C’est pourquoi Merleau-Ponty dit de la perception intérieure comme de la perception extérieure “qu’elle enveloppe l’infini, qu’elle est une synthèse jamais achevée”, dans le sens où une perception n’est jamais totalement achevée. On n’en a jamais fini de percevoir une chose, on peut toujours la découvrir sous un autre angle, sous une lumière différente, avec un état d’âme différent, etc. Il est donc toujours théoriquement possible de douter, c’est-à-dire de considérer que, dans le cadre d’une observation approfondie par exemple, le résultat perceptif obtenu n’est pas encore suffisamment achevé.
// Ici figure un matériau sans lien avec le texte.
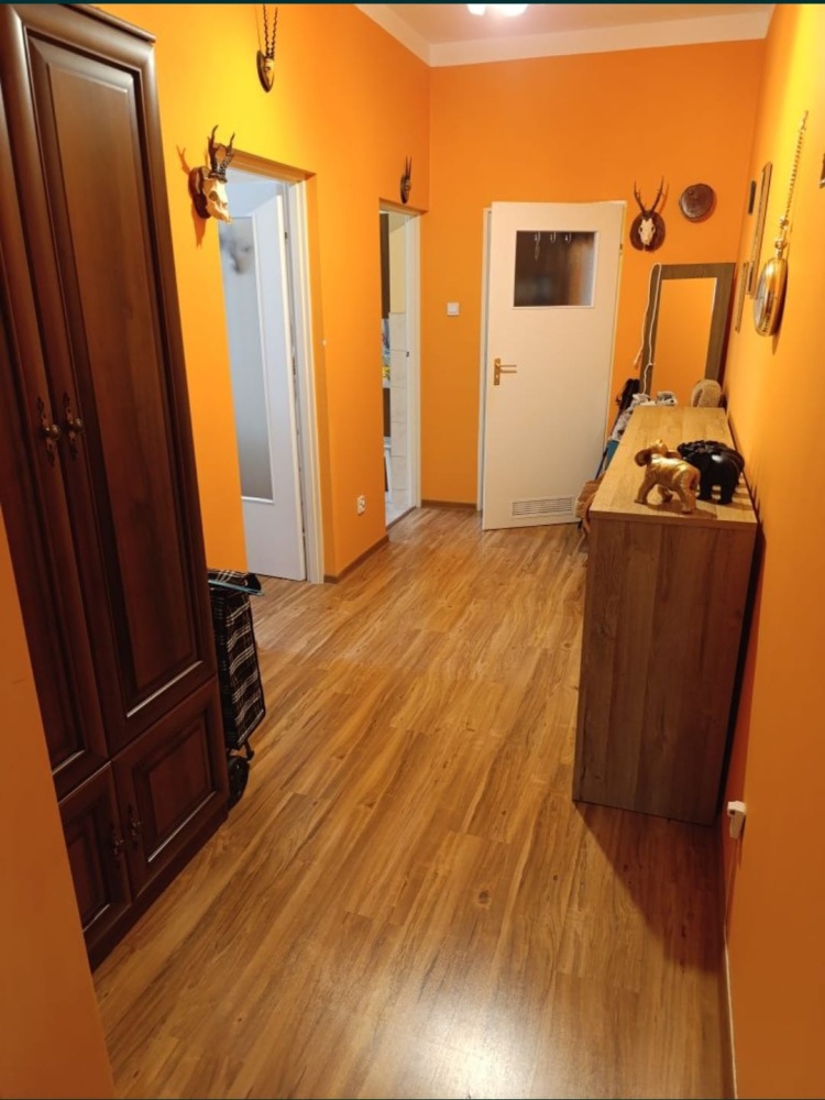 Kuchnię można przenieść do przedpokoju, który jest duży, w ten sposób będą dwa spore pokoje na 45mkw.

Mais ce qui nous pousse à la certitude, c’est l’exigence pratique d’agir sur un monde concret, en respectant des règles précises et en visant l’utilité réelle. La nécessité d’agir offre en effet moins de prise au doute dans la mesure où les perceptions sont guidées et accompagnées par les gestes du corps, et donc en ce que leur valeur coïncide presque immédiatement avec leur objet. C’est en ce sens que l’auteur précise que la perception, bien que jamais totalement achevée en théorie, finit pourtant par s’affirmer lorsqu’elle correspond à une nécessité pratique. Autrement dit, la certitude n’est pas le résultat d’un travail théorique de la conscience de soi sur soi mais plutôt, comme d’ailleurs Descartes l’a parfaitement remarqué, de la nécessité pratique d’agir et de vivre : il s’agit précisément d’accorder la valeur certitude à tout projet d’action que je prétends mettre à éxécution.
Conclusion.
Nous avons donc pu voir dans une première partie que la conception absolue de l’ego comme instance fondatrice de la connaissance et du comportement de l’individu n’était pas satisfaisante : le cogito cartésien conçu comme conscience de soi transparente à soi-même, aussi bien que l’inconscient freudien comme conscience de soi opaque à soi-même oublient tous deux de poser le problème du rapport de l’ego avec le monde. C’est pour cela qu’il a fallu concevoir une conscience de soi qui ne fût qu’un cas particulier d’état intentionnel, c’est-à-dire de situation où la conscience est conscience d’autre chose que d’elle-même : à savoir une situation où la perception extérieure n’ayant pas de valeur définitive, une perception intérieure (ou conscience de soi) accorde à cette perception la valeur provisoire du doute, doute théorique qui peut toujours s’effacer lorque la nécessité pratique exige des certitudes pour agir dans le monde.